So far Felony Fidelity releases have been something where I put it on for the first time and I think it's cool and all but then leave it in the pile closest to the record player so I can come back to it again. The second time around has been where they hit/grab/throttle/jostle me. The Howie and the Hot Knifes record especially (ya know if the pitch the speed up just a hair or two on "Want It" you've got a song that'll get the the girls up shakin' and more than a couple of people sending the dj up a shot). First time around I was like "It decent but nuthin' it ain't heard before". A few days later I gave it it's second chance and was like "THIS RECORD HAS THE DANCE SONG OF THE YEAR ON IT!!!
Well, what d'ya know?! Howie's sits the knives down for a bit and picks up some drumsticks for this newest addition to Portland sordid Rock-n-roll history. I dunno what it is with me referencing Gas Huffer lately but here's another record that gave me that first impression. Wait a minute. The other record that got the recent Gas Huffer reference was the Neins single which is also on this label. Hmmm. Is a member of the Neins in this band too? Ya know what? I'm think so and it's that guy named Joe.

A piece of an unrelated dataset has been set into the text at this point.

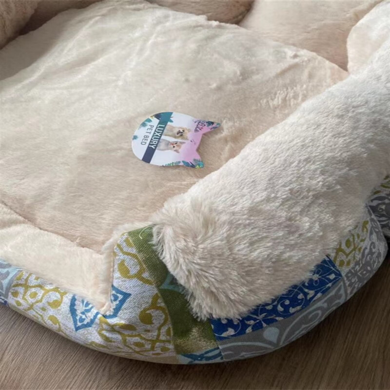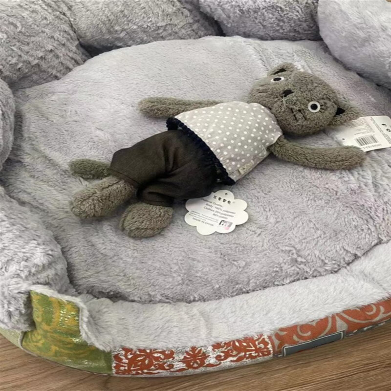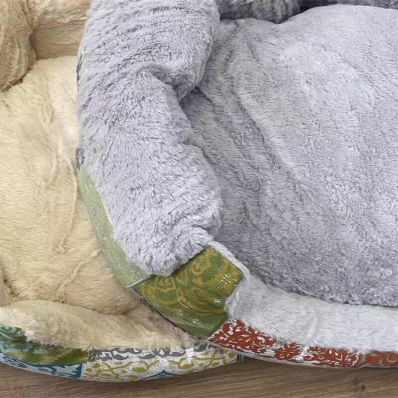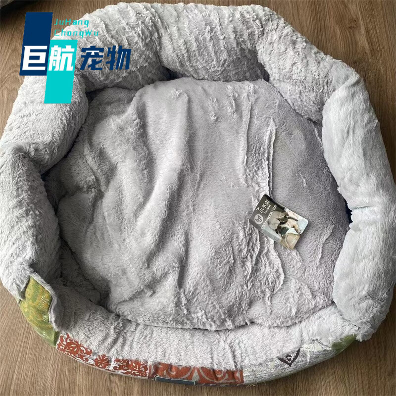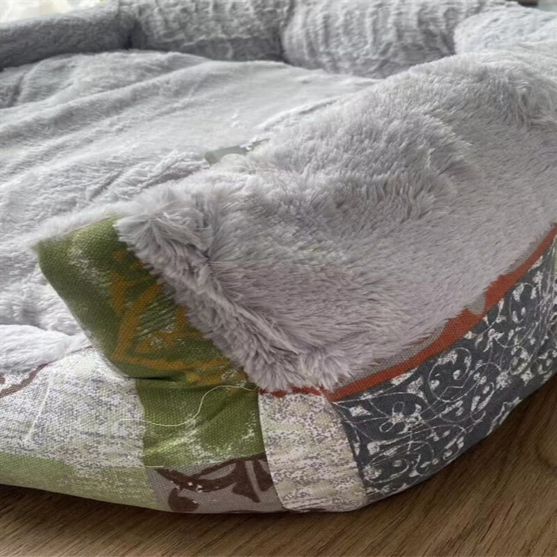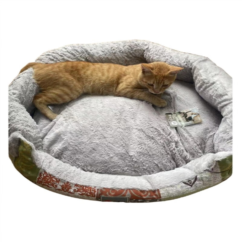 凛东出口单 秋冬法兰绒保暖狗窝猫舍 可拆洗 四季通用 大号宠物窝睡觉 红格加灰绒猫狗通用窝 大号60*7

Rubbery twang dirt in the guitars, the manic beat and singing that reeks of cheap beer from a can, a basement in need of a dehumidifier and burger grease. The songs sound like they were recorded in an old shack 15 minutes out from the last of city lights with rotted-n-creeky floorboards, no heat but a fridge stocked with stolen beer and venison cooking over an open fire. All in all, not bad for a first impression. It's second spin I was thinking "Y'know, Martin Savage seems to be a cool guy. He's wrote a couple of cool songs but no matter how hard he tries to sound like an American-he's still a Swede." The Night Slaves don't have to try. It's born into them.